After viewing the 'source' and 'destination' dataframe, we can see that their is a path between Sustainability and Ethical consumerism. Also there is a path form Ethical consumerism to Amazon. Now we will evaluate if similar path exists in other languages as well

Now we use the langlinks API to get the titles of these articles in other languages. We select the language where both the articles are present. From the response above we select 'lang:'it' ( Italian) and 'lang:'ru' ( Russian) . Now we will check if a similar path exists in the Italian and Russian clickstream dataset.

Just like English clickstream, in Italian clickstream people clicked on 'Consumo critico'(Ethical consumerism) from 'Sostenibilità'(Sustainability) but there is no similar path between the popular article to Amazon.

Similar path is not available in Russian clickstream data and so it can be concluded that reader behavior is different in English wikipedia and Russian wikipedia. However the behavior is slightly similar between English wikipedia and Italian wikipedia

Future Analyses

TODO: Describe what additional patterns you might want to explore in the data (and why). You don't know have to know how to do the analyses.
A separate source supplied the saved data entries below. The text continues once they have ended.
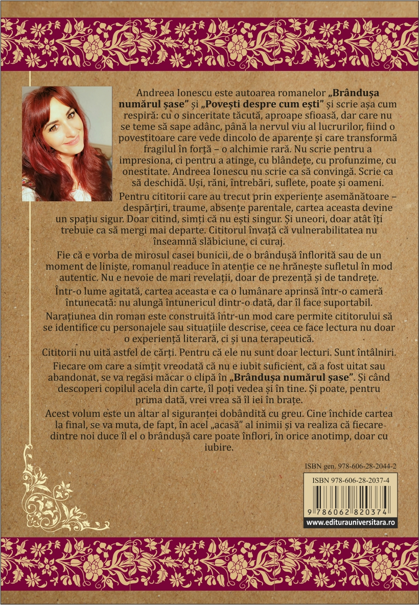 Andreea Ionescu este autoarea romanelor ”Brândușa numărul șase” și ”Povești despre cum ești” și scrie așa cum respiră: cu o sinceritate tăcută, aproape sfioasă, dar care nu se teme să sape adânc, până la nervul viu al lucrurilor, fiind o povestitoare care vede dincolo de aparențe și care transformă fragilul în forță – o alchimie rară. Nu scrie pentru a impresiona, ci pentru a atinge, cu blândețe, cu profunzime, cu onestitate. Andreea Ionescu nu scrie ca să convingă. Scrie ca să deschidă. Uși, răni, întrebări, suflete, poate și oameni.
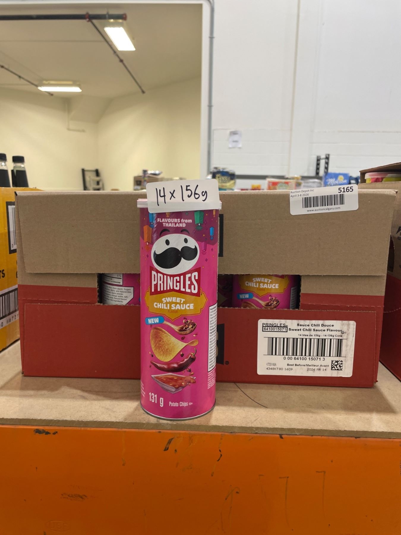 Lot 5165 Pringles Sweet Chili Sauce Chips, 14 Cans x 156g, 131g Net Weight Per Can
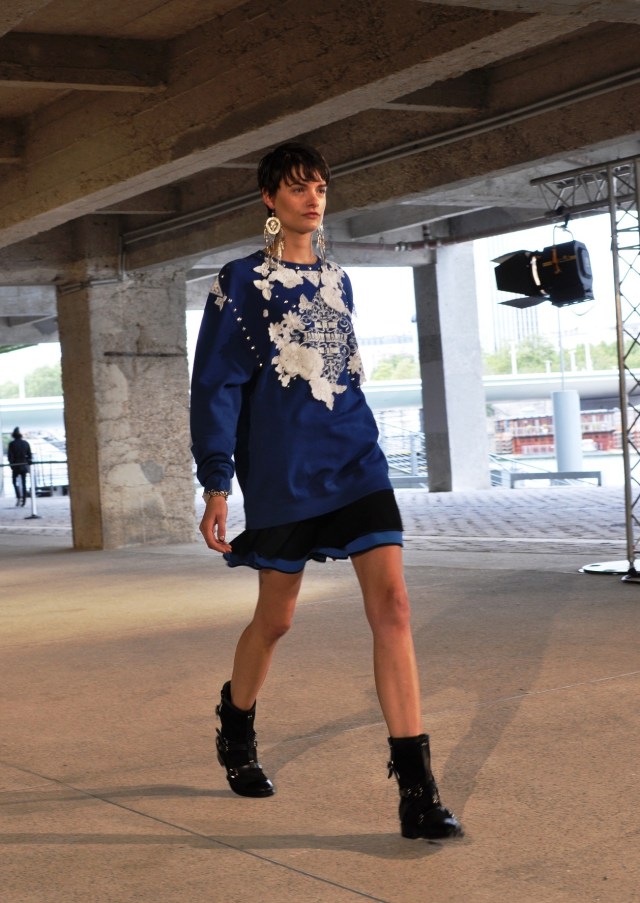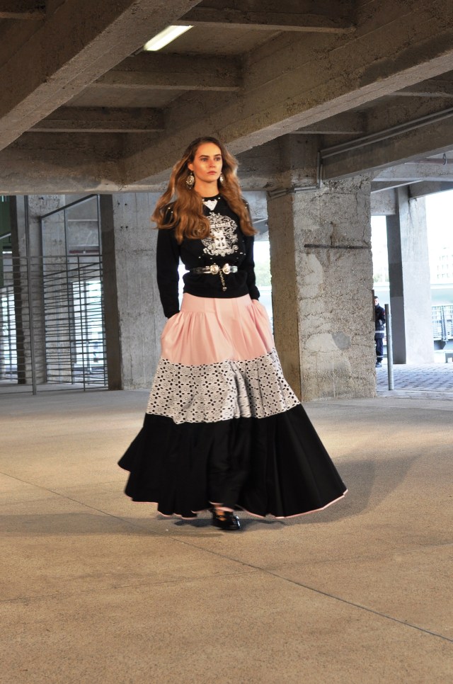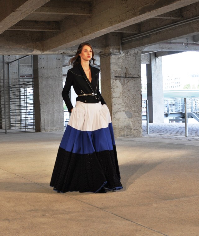 Le travail d’Alexis Mabille m’avait principalement bluffée la saison passée, en sortant des sentiers battus, en endossant brillamment son rôle de Directeur Artistique du « Cointreau Privé« . Un superbe bar éphémère que j’avais découvert en afterparty de son défilé FW12. Hier, j’ai eu le plaisir d’assister à son défilé SS13. Une collection très féminine, donnant au vichy des années Bardot une deuxième jeunesse mais en faisant aussi la part belle aux pièces plus sobres. Le noir, sublimé par des matières vaporeuses, était ainsi aussi à l’honneur, donnant à la femme une allure sculpturale (My oh My, l’avant-dernière photo!). Si je ne devais retenir que deux pièces: le sweat bleu électrique et les longues jupes de « bohémienne » tricolores. Very prêt-à-porter!

We can compare the pageview of the same articles in different languages to see if an article has gained similar popularity in different languages. If an article has a very high pageview in English and French that would mean this article is popular among both English speakers and French speakers.

Also, the growth of page views of clickstream data in different months can be explored. If an article has a steady growth of pageview that would mean this is a very helpful article and many people often need to access this information. If an article has a very high pageview in the earlier month after publishing but then the growth stagnates, that would mean this article was very trendy in that particular time but then it lost its relevance to people's lives.